Information technology and education: Student perceptions of computer and Web-based environments
Shu-Sheng Liaw, Seattle Pacific University, United States
Seattle Pacific University . Awarded
This study focused on surveying the attitudes toward computers and Web-based technology. This study also examined the relationship between students' perceptions of computers and Web-based environments. Furthermore, the predictor variables on computer and Web-based attitudes were conducted in this study. In this study, a psychometric questionnaire survey was developed and could be called the Computer and Web-based Attitude Scale (CWAS) that composed two major components, the Computer attitude Scale (CAS) and the Web-based Attitude Scale (WAS).

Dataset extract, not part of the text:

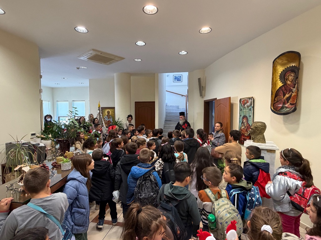 Παράλληλα, προέτρεψε τους μαθητές να συμμετάσχουν στη λατρευτική ζωή της Εκκλησίας κατά το Άγιο Δωδεκαήμερο, ενώ προσέφερε σε όλους γλυκίσματα και συμβολικά δωρήματα. Στους εκπαιδευτικούς συνοδούς δόθηκε το Ημερολόγιο-Εορτολόγιο της Ιεράς Μητροπόλεως, συνοδευόμενο από ευχές για «αληθινά, χαρούμενα, ευλογημένα και γεμάτα αγάπη Χριστούγεννα».

Essentially, the current of interest in computer technology in education opens up several research questions about technological innovation. Learners' perceptions of computers, hypermedia, and Web-based technologies are a crucial factor influencing and affecting the learning. The benefit of this study was to provide faculty to understand students' feelings about computers and Web-based technologies for enhancing learning performance. Web-based technology, such as the Internet and WWW, is a powerful medium and can reshape the format of conventional instruction, such as textbooks and lecturer. Based on these viewpoints, educators can adopt a Web-based environment as a construction tool for creating their own educational technology instructions to their particular disciplinary needs. From another viewpoint, the success of computer utilization is largely dependent upon the attitudes toward computer of faculty and students. Therefore, this study surveyed and evaluated students' computer and Web-based attitudes for educators and learners to enhance the success of computer technology utilization, especially hypermedia-based environment that integrated the Internet and WWW, in educational systems.
Liaw, S.S. Information technology and education: Student perceptions of computer and Web-based environments. Ph.D. thesis, Seattle Pacific University.